## INSTRUCTIONS FOR THE TASK
Give back the exact lines of the material below from the one containing "Featuring a large" through the one containing "Management Institute? - ANSWERSProject", and no pictures.

## SUPPLIED ENTRIES
[Start of Attachment]

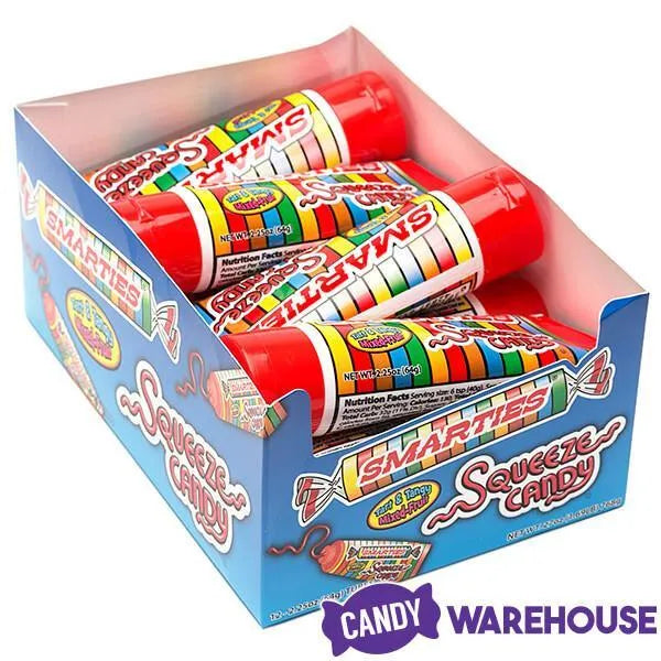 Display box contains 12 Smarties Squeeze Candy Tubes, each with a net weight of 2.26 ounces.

[End of Attachment]
[Start of Attachment]

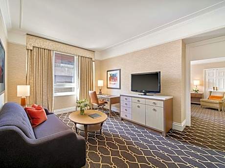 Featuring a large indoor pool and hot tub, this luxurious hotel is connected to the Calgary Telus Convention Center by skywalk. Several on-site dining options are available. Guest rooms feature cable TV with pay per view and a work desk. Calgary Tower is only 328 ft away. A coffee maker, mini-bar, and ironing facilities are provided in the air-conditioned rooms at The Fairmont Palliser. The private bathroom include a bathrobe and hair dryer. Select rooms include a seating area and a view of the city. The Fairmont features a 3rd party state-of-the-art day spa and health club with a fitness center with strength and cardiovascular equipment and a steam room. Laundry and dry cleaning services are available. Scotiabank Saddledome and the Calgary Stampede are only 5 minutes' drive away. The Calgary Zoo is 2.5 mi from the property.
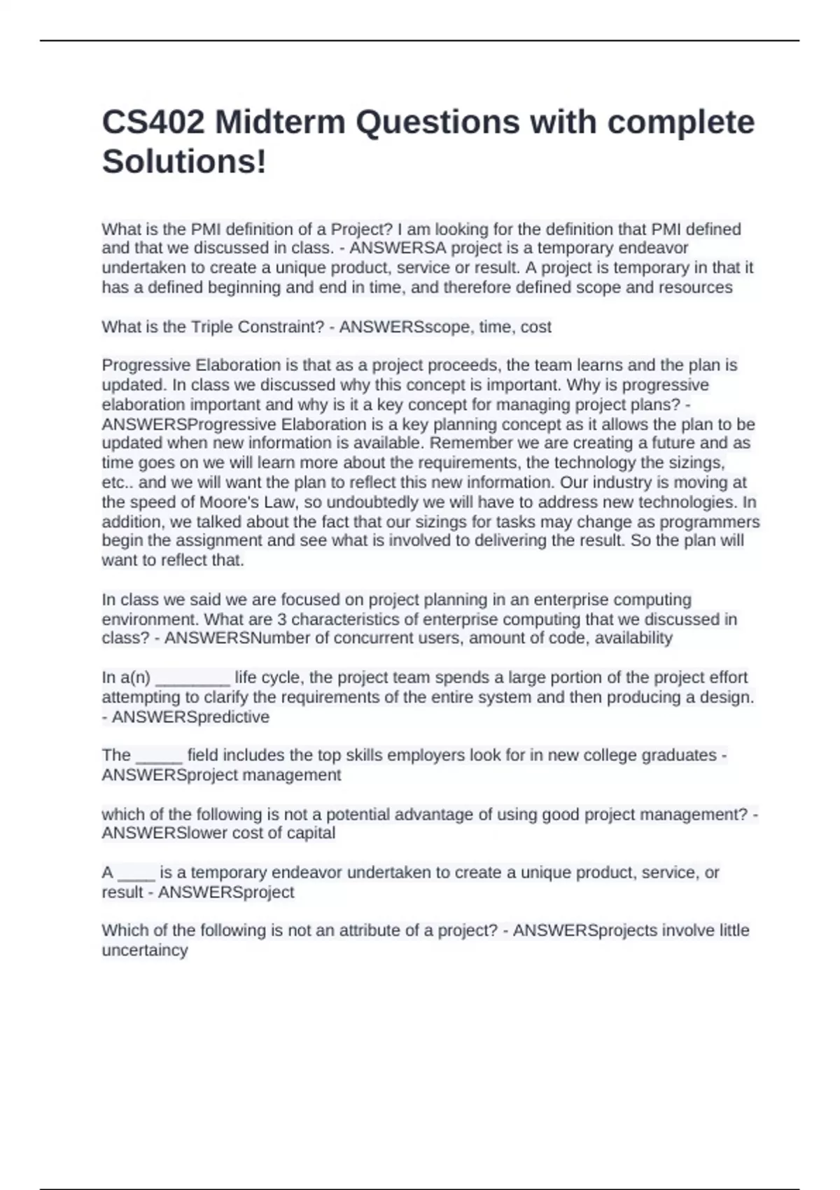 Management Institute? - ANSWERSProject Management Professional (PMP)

[End of Attachment]
[Start of Attachment]

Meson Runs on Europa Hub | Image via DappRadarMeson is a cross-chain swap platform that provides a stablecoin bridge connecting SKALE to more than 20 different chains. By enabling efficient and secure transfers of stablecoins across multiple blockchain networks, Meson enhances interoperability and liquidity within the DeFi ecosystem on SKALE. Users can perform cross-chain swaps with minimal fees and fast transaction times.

[End of Attachment]

## ANSWER SECTION
 Featuring a large indoor pool and hot tub, this luxurious hotel is connected to the Calgary Telus Convention Center by skywalk. Several on-site dining options are available. Guest rooms feature cable TV with pay per view and a work desk. Calgary Tower is only 328 ft away. A coffee maker, mini-bar, and ironing facilities are provided in the air-conditioned rooms at The Fairmont Palliser. The private bathroom include a bathrobe and hair dryer. Select rooms include a seating area and a view of the city. The Fairmont features a 3rd party state-of-the-art day spa and health club with a fitness center with strength and cardiovascular equipment and a steam room. Laundry and dry cleaning services are available. Scotiabank Saddledome and the Calgary Stampede are only 5 minutes' drive away. The Calgary Zoo is 2.5 mi from the property.
 Management Institute? - ANSWERSProject Management Professional (PMP)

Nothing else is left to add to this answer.